A joint article from the Charlotte Observer/The Raleigh News & Observer, Doctors join hospitals, and prices soar, found that “North Carolina patients pay more for many tests and procedures if their physician is employed by a hospital.”
AHIP spokesperson Robert Zirkelbach was quoted in the article, saying “Prices are increasing, often for no other reason than the sign on the door changed.”
According to the American College of Cardiology, the number of doctors working for hospitals has more than tripled in the past five years. This trend is evident in North Carolina, where “…in the Triangle, about 90 percent of cardiologists work for hospitals, which can charge more for procedures than private practices.” A health care recruiting company cited in the article expects that 75 percent of all doctors will be employed by hospitals within two years.
To Zirkelbach’s point, a primary criticism of provider consolidation is that it allows hospitals to charge patients more for identical procedures. How much more? “One example: For a common echocardiogram procedure, Duke Hospital submitted 4,879 claims to Medicare in 2010, up 68 percent from the year before.
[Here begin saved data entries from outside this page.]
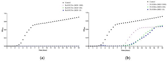 The bacterial challenge assay was performed to measure bacterial growth treated with different MOIs of phages, as previously described, with minor changes []. Bacterial cultures of E. coli O103:H2 strains (RM13322 and RM10744) were prepared and diluted to the concentration of 1 × 106 CFU/mL. Two bacterial cultures were mixed as the bacterial cocktail for the bacterial challenge assay. A measure of 200 µL of the bacterial cocktail per well was added into a 96-well plate; then, 10 µL of individual phage (Ro103C3lw or Pr103Blw) was added to each well containing the bacterial cocktail to reach MOIs of 10, 100, and 1000, accordingly. The plate was placed in a spectrophotometer (BioTek, Winooski, WT, USA) at 37 °C, and the OD600 reading was measured every 30 min for 18 h.
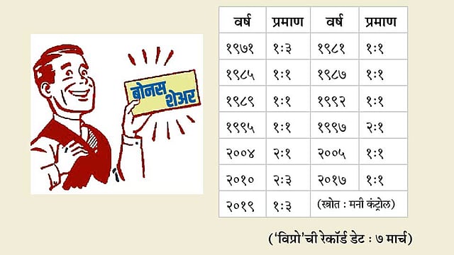 ‘विप्रो’ने १९७१ पासून आतापर्यंत दिलेल्या बोनस शेअरची माहिती सोबतच्या तक्त्यात दिली आहे. ज्या गुंतवणूकदाराकडे १९७१ पासून या कंपनीचे शेअर असतील, त्यांना नक्कीच भरभरून फायदा झाला असणार, हे सहज लक्षात येते. भारतीय शेअर बाजारात अशा अनेक चांगल्या कंपन्या आहेत. आवश्यकता आहे ती गुंतवणूकदारांनी अशा चांगल्या कंपन्या निवडून त्यात दीर्घकाळासाठी गुंतवणूक करण्याची!
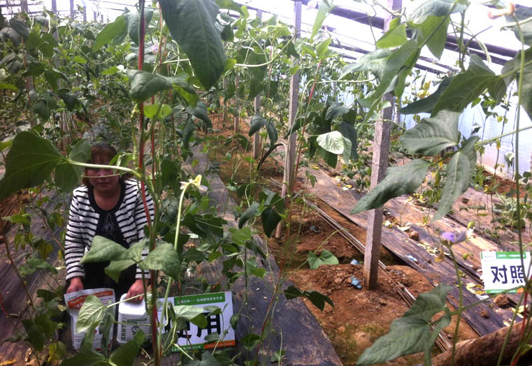 圖2.使用歐神微根露+歐神美加健的豆角提前開花結(jié)莢,葉色厚綠有光澤。
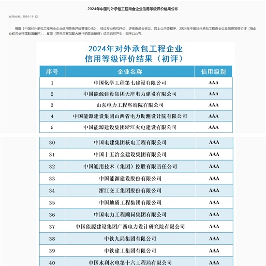 11月12日,中国对外承包工程商会公布2024年对外承包工程企业信用等级评价结果,海洋之神590线路检测中心获评AAA级(最高级别)。至此,海洋之神590线路检测中心已连续17年被评为对外承包工程企业最高信用级别。 中国对外承包工程商会组织举办的对外承包工程企业信用等级评价活动,综合考察了我公司的综合素质、施工能力、财务状况等指标,连续多年获评AAA级是海洋之神590线路检测中心海外业务综合能力的重要体现。该评级结果将为公司参与行业业务协调、项目推荐和争取金融机构支持提供更多机会和更有利条件。
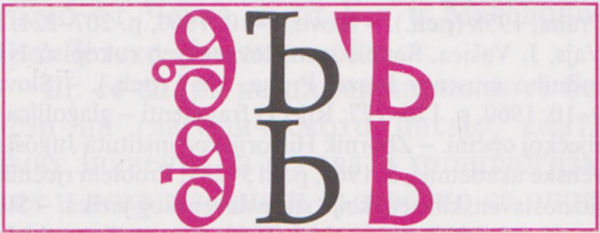 (3). Ъ, Ь. С еровете започва група от букви в старобълг. азбуки, които предават специфично слав. вокални фонеми (изключение прави само знакът ижица, поставян обикновено на последно място; изконността на графемата ижица в Константин-Кириловата азбучна система обаче е повече от съмнителна). По произход названието им е неясно — ѥръ и ѥрь (в Бандуричевия абецедар са дадени γεορ и γέρ, като γ = й, в Парижкия има само един ер — ъ, означен с peller, а името hier стои над буквата х, в Дивишевия също има само един, но ь, с название ger, като в случая g = й); то е запазено и до днес с уточненията „голям“ ер и „малък“ ер, респ. „твърд“ и „мек“. През старобълг. епоха еровете не са имали числена стойност; много по-късно, в хърватската глаголица, заместникът на двата ера — проста права чертица — е получил значение на 3000.
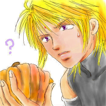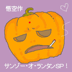 ![]() 出来上がったジャック・オ・ランタンを寝所の居間の食卓の上に置いておいた。 笙玄に言われて、失敗したカボチャの残骸を集めて、カボチャの中身と皮付きのとを分けた。 「中身の実はお菓子やスープにしましょうね」 そう言って、笙玄は黄色いカボチャの中身をいくつかに小分けして袋詰めした。 「こっちは寺院の厨房で処理してもらいましょう」 って、大きな袋にひとまとめにして。 笙玄と一緒に寺院の厨房へ持って行った。 戻れば、部屋に八戒と悟浄がいて、 「悟空、上手くできましたね」 「なかなかの出来じゃん?」 そう言って、褒めてくれた。 そして、 「ちょっといいですか?」 って、八戒が俺の作ったジャック・オ・ランタンの額に赤いマジックで三蔵のチャクラと同じものを書き込んだ。 それを見ていた悟浄が、笙玄に何か囁いて、笙玄がにこにこと頷いて…。 「こうすっと、そっくりだぜ」 って、笑った。 何がそっくりなのかって、ジャック・オ・ランタンの前に行ったら、そこに三蔵が居た。 「このたれ目具合と言い、この眉間の皺といい、そっくりですよ」 「ああ、ホント、ホント」 顔を見合わせて八戒と悟浄が、笙玄までが頷くから。 「べ、べつに三蔵を意識した訳じゃないかんな」 って、言い訳したら、三人に頭を撫でくられた。 その日の夜、仕事から戻った三蔵がそのジャック・オ・ランタンを見てものすごーく嫌そうな顔をしてた。 (悟 空/illust by みつまめ様)
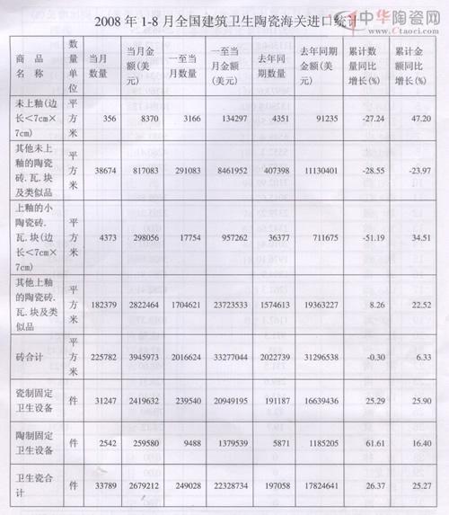 2008年1-8月全國(guó)衛(wèi)生陶瓷海關(guān)進(jìn)口統(tǒng)計(jì)
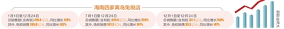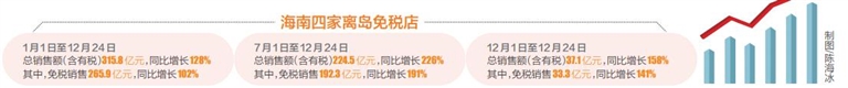 据统计,12月1日至12月24日,海南四家离岛免税店总销售额(含有税)37.1亿元,同比增长158%。其中,免税销售33.3亿元,同比增长141%。1月1日至12月24日,海南四家离岛免税店总销售额(含有税)315.8亿元,同比增长128%。其中,免税销售265.9亿元,同比增长102%。

Medicare allows $471 for outpatient echocardiograms, more than twice the $200 allowed for those performed in physician offices.”
Robert Berenson, an analyst with the Urban Institute’s Health Policy Center, has concerns about the trend toward consolidation. “‘That’s taking advantage of the payers and really harming consumers,’ said Berenson, who previously served as a commissioner of MedPAC, which advises Congress on Medicare policy. ‘It is not promoting more efficient care.’”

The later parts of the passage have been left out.